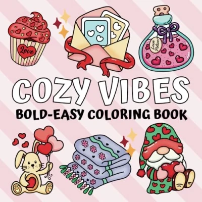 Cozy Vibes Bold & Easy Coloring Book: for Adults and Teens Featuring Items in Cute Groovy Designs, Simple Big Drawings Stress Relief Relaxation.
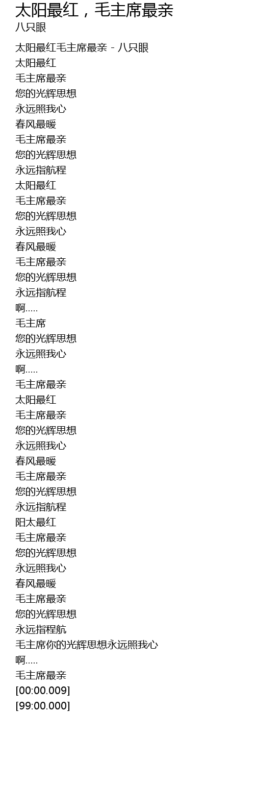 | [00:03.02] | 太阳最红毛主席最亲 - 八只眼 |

--*--

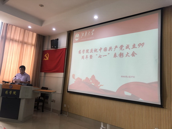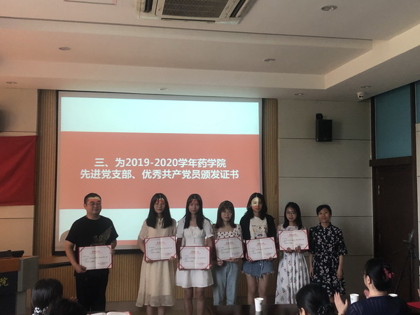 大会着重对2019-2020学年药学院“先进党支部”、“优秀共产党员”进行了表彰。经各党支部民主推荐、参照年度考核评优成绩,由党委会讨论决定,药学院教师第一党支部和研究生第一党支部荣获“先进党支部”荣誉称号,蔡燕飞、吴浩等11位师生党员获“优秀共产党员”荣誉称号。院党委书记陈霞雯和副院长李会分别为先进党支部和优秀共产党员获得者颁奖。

--*--

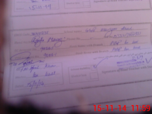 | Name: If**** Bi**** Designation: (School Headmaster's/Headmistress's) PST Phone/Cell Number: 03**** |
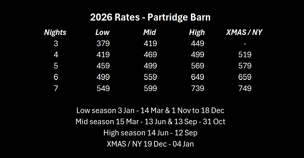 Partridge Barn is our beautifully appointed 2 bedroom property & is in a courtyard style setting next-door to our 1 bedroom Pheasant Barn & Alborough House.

--*--

• **PROBLEM TO WORK ON**
Only one stretch of the listing is wanted: the lines starting at the one with "Number: 03**** |" and ending at the one with "Partridge Barn is", copied exactly and free of pictures.

• **SOLUTION TO THIS PROBLEM**
 | Name: If**** Bi**** Designation: (School Headmaster's/Headmistress's) PST Phone/Cell Number: 03**** |
 Partridge Barn is our beautifully appointed 2 bedroom property & is in a courtyard style setting next-door to our 1 bedroom Pheasant Barn & Alborough House.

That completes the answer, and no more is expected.